November 12–13, 2025 – Hosted by the Colorado Center for Celiac Disease
The 2025 Celiac Disease Screening Symposium brought together leading clinicians, researchers, psychologists, economists, and patient advocates for two days of rigorous discussion on one essential question: What will it take to make celiac disease screening part of standard public health practice?
Funded again by a grant from the Celiac Disease Foundation, the second annual conference brought in speakers from around the world including Finland, Sweden, Italy, Norway, and the Netherlands, shared results from major population studies and outlined what the global community has learned about diagnosing celiac disease earlier, more consistently, and more effectively. Across every session, one theme emerged clearly: meaningful progress will require long-term collaboration between science and advocacy.
During the symposium’s session, “Proposal to Policy,” Marilyn Geller, CEO of the Celiac Disease Foundation, delivered her talk, “From Voices to Action: How Patient Advocacy Can Drive Screening Initiatives.” Her remarks grounded the room in both urgency and realism.

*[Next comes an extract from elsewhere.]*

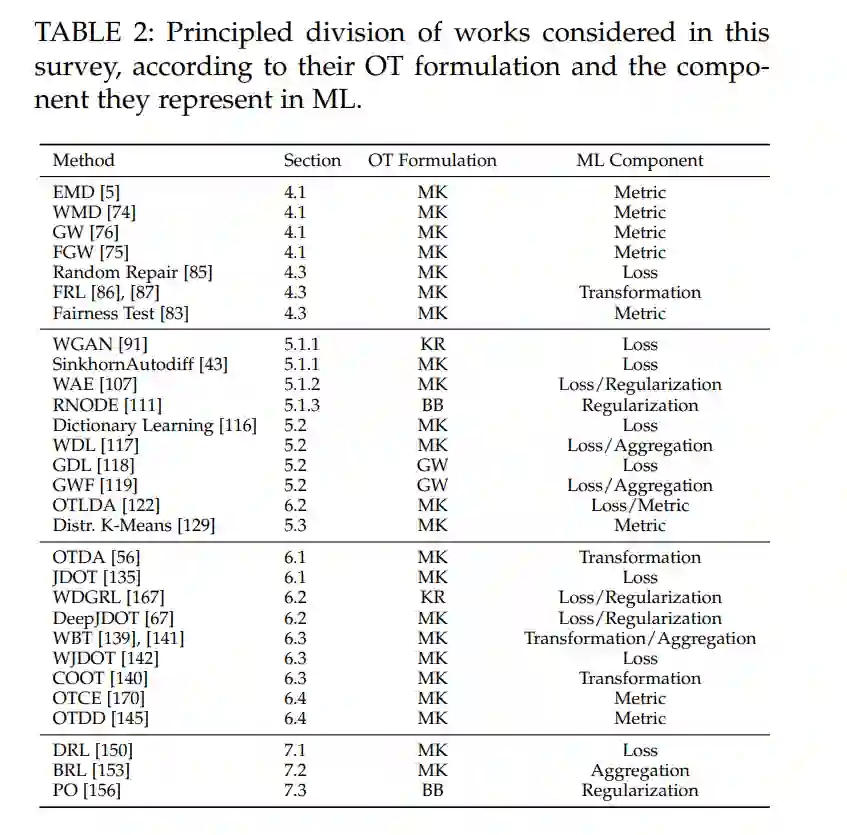 在介绍OT在ML方面的最新贡献之前,我们简要回顾了与相关主题有关的先前综述。关于OT作为数学领域,有大量的文献可供参考。例如,[12]和[13]从连续的角度介绍OT理论。该领域最完整的文本仍然是[3],但它远非入门文本。正如我们在本调查中介绍的,OT为ML做出的贡献在本质上是计算性的。在这个意义上,从业者将专注于离散公式和如何实施OT的计算方面。这是[9]和[10]这两篇调查的情况。虽然[9]作为OT及其离散公式的介绍,[10]则提供了更广泛的视角,介绍了OT的计算方法以及它如何广泛应用于数据科学。在OT为ML方面,我们将我们的工作与[7]和[11]进行比较。前者介绍了OT的理论,并简要讨论了OT在信号处理和ML(如图像去噪)中的应用。后者提供了OT为ML贡献的广泛领域的概述,按数据的结构分类(即,直方图,经验分布,图表)。

Marilyn emphasized that while scientific evidence supporting screening is growing, turning that evidence into policy is a long-term effort, one that depends on coordinated voices across research, medicine, and the patient community.
Marilyn noted, “There is still a long road ahead before celiac disease screening becomes policy. But progress starts with bringing together researchers, clinicians, and the patient community to define what’sneeded and what’s possible. This symposium was an important step in that process.”
Her message underscored the critical role that patient-centered organizations play in shaping the future of diagnosis, not by declaring victory prematurely, but by building the long-term groundwork needed for real, sustainable policy change.
Sessions throughout the symposium illuminated the substantial impact of the current diagnostic gap. An estimated 80% of people with celiac disease remain undiagnosed, and many experience years of preventable symptoms and complications. Delayed diagnosis increases risks for growth issues in children, bone disease, anemia, infertility, additional autoimmune conditions, and reduced quality of life. Countries that have conducted systematic screening demonstrate earlier diagnosis and better long-term outcomes. The message was clear: screening saves years of suffering, but only if health systems adopt it. However, there are also still ethical, economic, and psychosocial concerns with screening asymptomatic individuals that need to be addressed.
Presentations from leading international screening initiatives—including the Finland Experience, Sweden’s TRIAD Study, Italy’s D1Ce Study, the Netherlands’ GLUTENSCREEN Project, Norway’s HUNT Study, and Colorado’s ASK Study—offered models for how populations can be screened safely and effectively. These programs demonstrated that earlier detection improves health outcomes across entire communities and provides a roadmap for what might be possible in the United States with the right research and policy infrastructure.
The symposium closed with a panel discussion examining what it will take to move from proposals to implementation. Participants highlighted that researchers identify what works, clinicians deliver care, systems determine feasibility, and patient advocacy organizations help chart the course forward.
Reflecting on these discussions, co-organizer Dr. Marisa Stahl emphasized the importance of using this momentum to sharpen the research agenda. “As we think about screening, we have to be honest about what we know and what we still need to learn. This meeting helped us identify the key questions and the kinds of studies that will truly move the field forward and ultimately inform policy.”
The 2025 Celiac Disease Screening Symposium made one thing clear: we are at the beginning, not the end, of the journey toward a national screening strategy. But the collaboration, honesty, and momentum on display throughout the meeting showed that the path forward is real. With sustained scientific progress and a strong advocacy voice, it is achievable.
The Celiac Disease Foundation looks forward to providing continued funding and collaboration for future symposiums.